Nineteen More Child Homicides. Still No Reform.
- Deanna Newell
- Jun 26
- 2 min read

How many more children must die before family courts take coercive control seriously?
Nineteen children. Killed by fathers with known histories of violence.
Between 2015 and 2024, nineteen children — aged just three weeks to 11 years — were murdered by men who were granted access by the family courts, despite being known perpetrators of domestic abuse.
That’s not just tragic. It’s a systemic failure, and it’s getting worse.
The number of child homicides linked to unsafe contact arrangements has increased by 50% since the previous decade.
These weren’t unpredictable events. They were entirely preventable.
The facts are chilling:
15 of the perpetrators were the child’s father
All but one had a documented history of abuse or violence
Every single one had been granted access or contact by the family court
Children were handed over to men who had harmed their partners, threatened lives, or used coercive control, and the system looked the other way.
Why?
Because family courts are still operating under a dangerous myth:
That an abusive partner can still be a “good enough” parent.
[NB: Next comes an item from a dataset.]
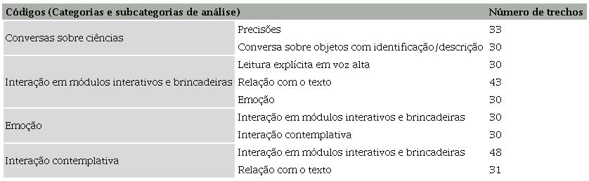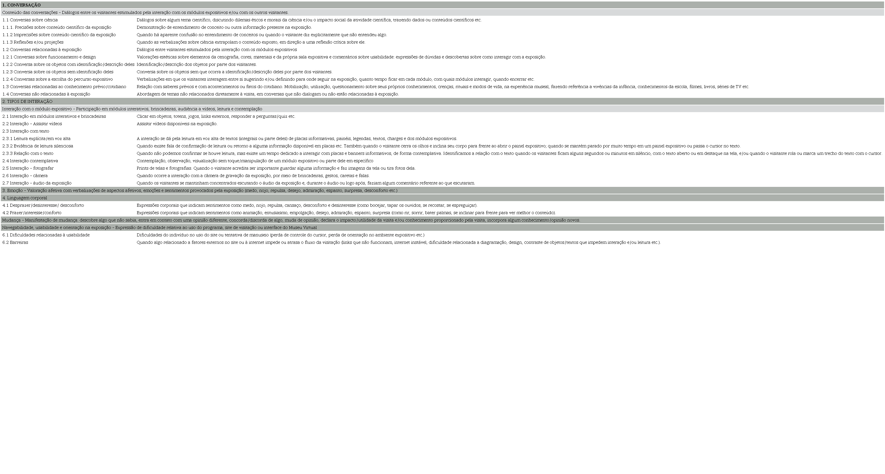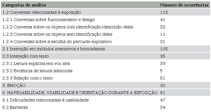 A Tabela 1 sintetiza as cinco categorias que mais ocorreram 53 na análise das visitas: conversas relacionadas à exposição; interação em módulos interativos e brincadeiras; interação com texto; emoção; e navegabilidade, usabilidade e orientação durante a exposição.

That contact is a right, not a risk.
That a father’s access trumps a child’s safety.
But abuse doesn’t end when a relationship ends. Post Separation abuse starts!
For many survivors, it escalates.
And the courts?
The courts continue to misunderstand, minimise, or completely ignore coercive control, despite it being recognised as a criminal offence under Section 76 of the Serious Crime Act 2015.
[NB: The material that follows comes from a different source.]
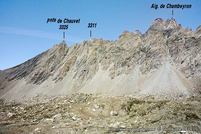 Au nord-ouest du sommet de l'Aiguille de Chambeyron le vallon de Chauvet détache de la crête principale celle de l'Aiguille Grande, qui s'abaisse vers la gorge de l'Ubaye en rive gauche du vallon de Chillol. Cette dernière porte également une klippe de calcaires triasiques (voir la page "Aiguille Grande"). Le fait que, dans cette partie de la montagne, les calcschistes de la nappe de Chambeyron supportent plusieurs lambeaux de calcaires triasiques montre que la nappe de Chambeyron a été chevauchée par une unité supérieure qu'il est donc loisible, en fait, d'attribuer soit à la nappe du Châtelet soit à celle de la Font-Sancte.

Women’s Aid is sounding the alarm.
Their new report — Nineteen More Child Homicides is a devastating call to action.
The report highlights how the “pro-contact” culture in the courts is putting children in harm’s way, time and time again.
“Every case is one too many… The system is not fit for purpose.”
— Farah Nazeer, CEO, Women’s Aid
And still, here we are.
Ten years after Jack and Paul Throssell were burned alive by their father during a court-ordered contact visit, a father they had begged not to see, the same mistakes are being made.
Children are still dying.
Why?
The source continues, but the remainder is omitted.